■ **RECORDS FOR THIS EXERCISE**:
####################
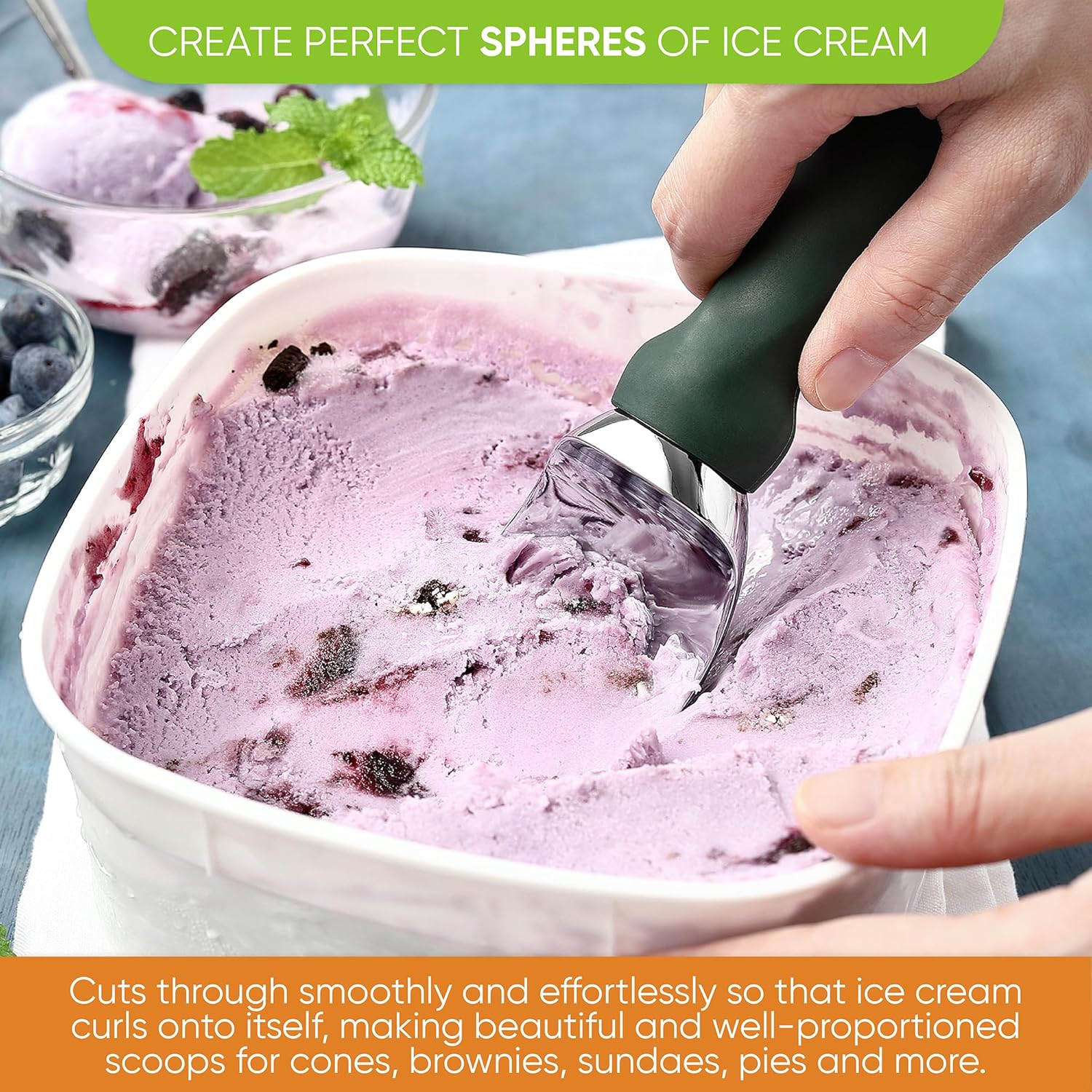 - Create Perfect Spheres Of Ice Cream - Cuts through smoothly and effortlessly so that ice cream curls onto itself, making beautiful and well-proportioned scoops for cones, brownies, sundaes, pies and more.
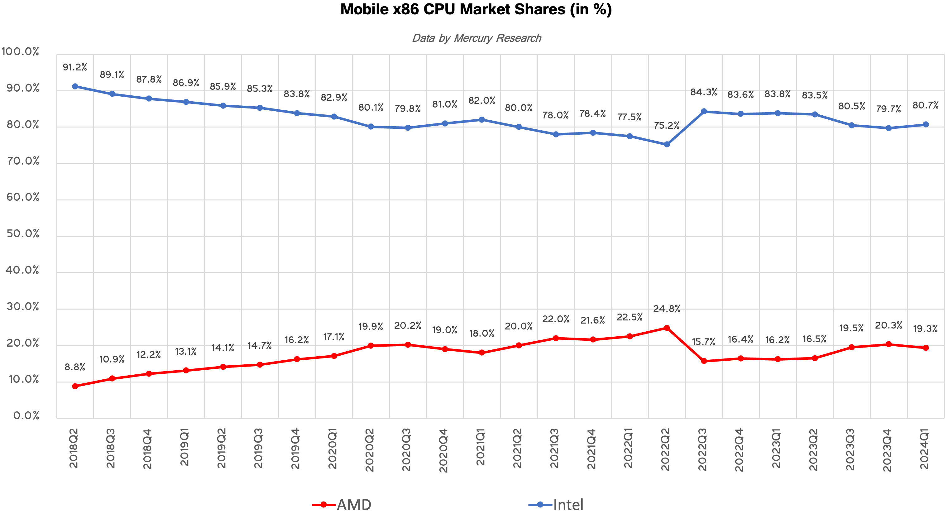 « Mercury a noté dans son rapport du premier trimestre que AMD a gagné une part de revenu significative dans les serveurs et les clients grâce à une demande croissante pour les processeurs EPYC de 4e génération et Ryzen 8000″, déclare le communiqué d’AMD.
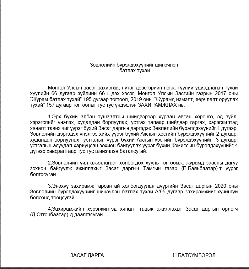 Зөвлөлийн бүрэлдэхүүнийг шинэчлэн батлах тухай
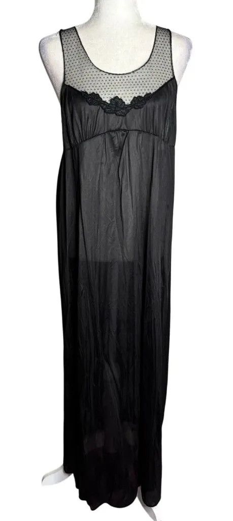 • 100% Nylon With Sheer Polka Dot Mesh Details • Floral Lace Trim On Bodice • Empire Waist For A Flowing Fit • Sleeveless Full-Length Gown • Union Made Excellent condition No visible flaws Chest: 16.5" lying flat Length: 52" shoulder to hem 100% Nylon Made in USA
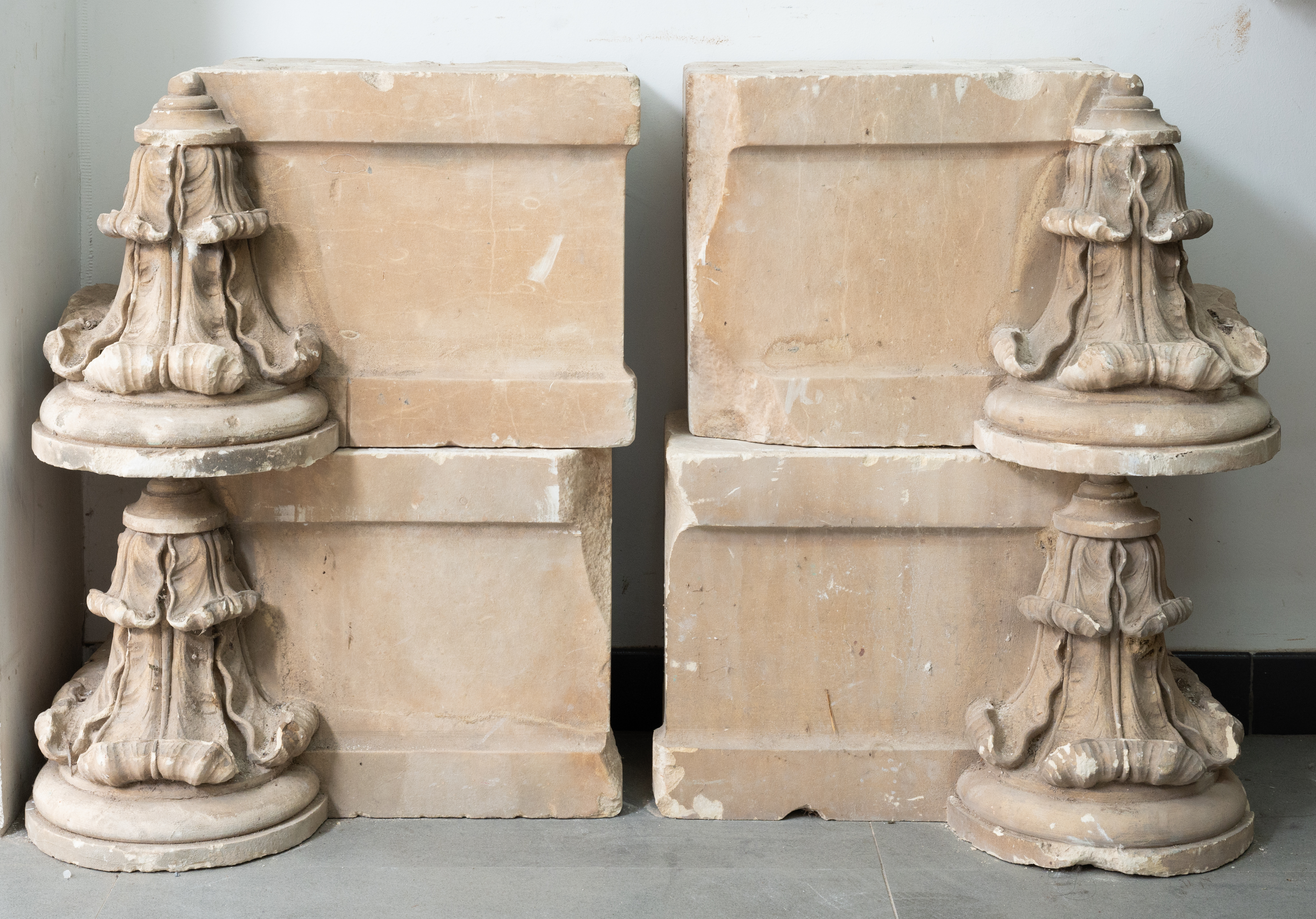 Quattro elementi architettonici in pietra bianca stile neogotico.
####################
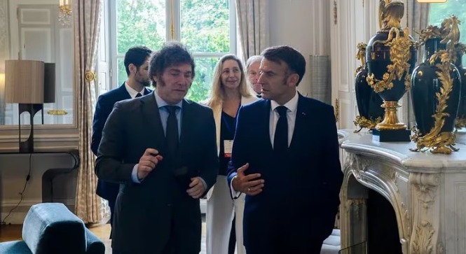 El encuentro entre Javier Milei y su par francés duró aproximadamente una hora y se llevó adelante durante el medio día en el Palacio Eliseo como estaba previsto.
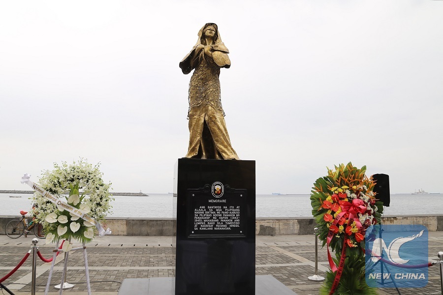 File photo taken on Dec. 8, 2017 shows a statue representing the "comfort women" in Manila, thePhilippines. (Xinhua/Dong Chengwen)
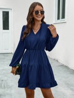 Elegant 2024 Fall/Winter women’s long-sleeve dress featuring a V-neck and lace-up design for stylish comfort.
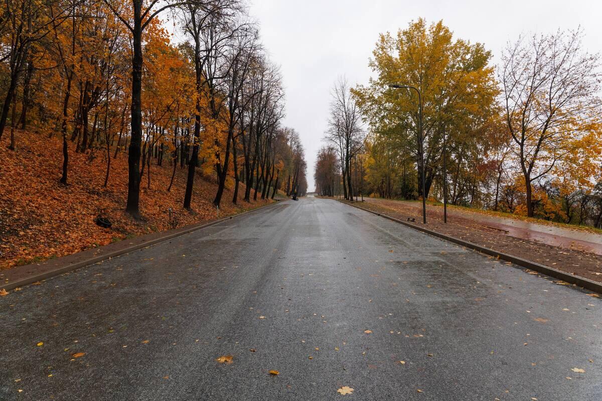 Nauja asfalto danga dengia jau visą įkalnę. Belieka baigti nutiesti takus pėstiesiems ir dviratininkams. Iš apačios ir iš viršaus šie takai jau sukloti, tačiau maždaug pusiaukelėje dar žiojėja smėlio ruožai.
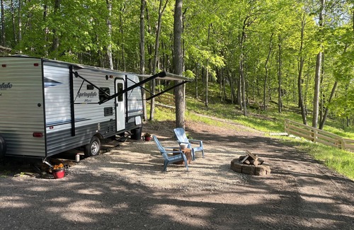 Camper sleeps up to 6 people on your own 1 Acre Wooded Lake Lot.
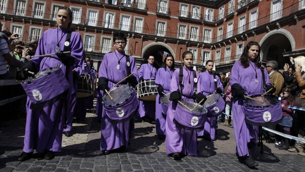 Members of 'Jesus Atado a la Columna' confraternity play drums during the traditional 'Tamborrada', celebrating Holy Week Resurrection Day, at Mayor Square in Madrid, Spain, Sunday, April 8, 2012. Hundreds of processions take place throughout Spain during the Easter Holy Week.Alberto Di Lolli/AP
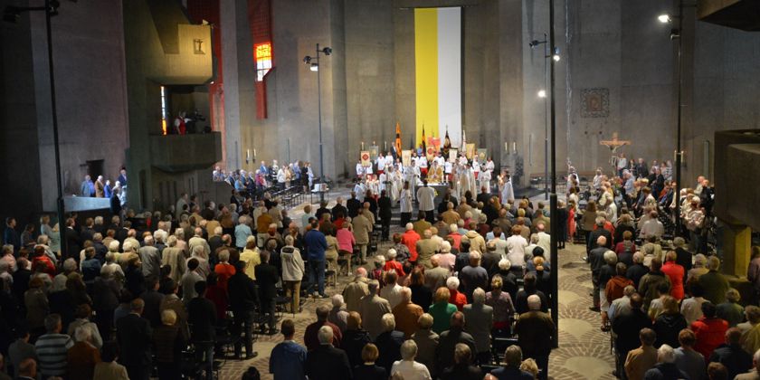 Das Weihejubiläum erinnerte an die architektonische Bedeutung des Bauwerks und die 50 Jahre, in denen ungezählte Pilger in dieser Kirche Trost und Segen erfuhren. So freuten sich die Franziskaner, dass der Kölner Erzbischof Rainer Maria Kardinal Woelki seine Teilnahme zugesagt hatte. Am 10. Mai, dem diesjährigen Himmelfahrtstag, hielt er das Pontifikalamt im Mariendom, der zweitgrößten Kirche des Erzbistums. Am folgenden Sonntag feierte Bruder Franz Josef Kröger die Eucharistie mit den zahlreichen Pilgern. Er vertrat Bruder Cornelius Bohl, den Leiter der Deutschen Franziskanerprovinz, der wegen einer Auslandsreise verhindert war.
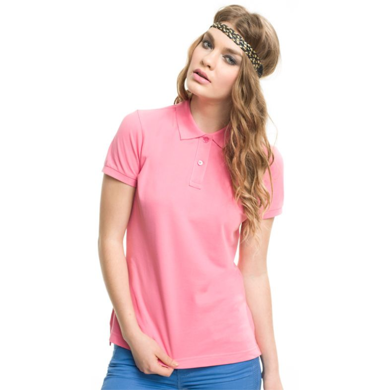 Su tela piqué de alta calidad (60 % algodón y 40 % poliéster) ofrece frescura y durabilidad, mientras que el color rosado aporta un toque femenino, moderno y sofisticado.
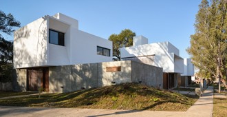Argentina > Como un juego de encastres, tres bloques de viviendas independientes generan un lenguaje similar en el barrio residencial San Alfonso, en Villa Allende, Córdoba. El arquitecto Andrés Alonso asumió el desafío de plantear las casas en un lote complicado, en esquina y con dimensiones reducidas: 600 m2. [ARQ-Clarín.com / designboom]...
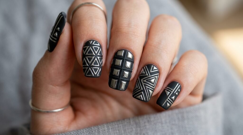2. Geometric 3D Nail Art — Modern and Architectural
####################
■ **DESCRIPTION OF THE TASK**:
Exact copy, no pictures. Write out the lines in the entries above, starting with the line with "Nauja asfalto danga" and going on through the line with "Camper sleeps up", keeping both.

■ **ANSWER AREA**:
 Nauja asfalto danga dengia jau visą įkalnę. Belieka baigti nutiesti takus pėstiesiems ir dviratininkams. Iš apačios ir iš viršaus šie takai jau sukloti, tačiau maždaug pusiaukelėje dar žiojėja smėlio ruožai.
 Camper sleeps up to 6 people on your own 1 Acre Wooded Lake Lot.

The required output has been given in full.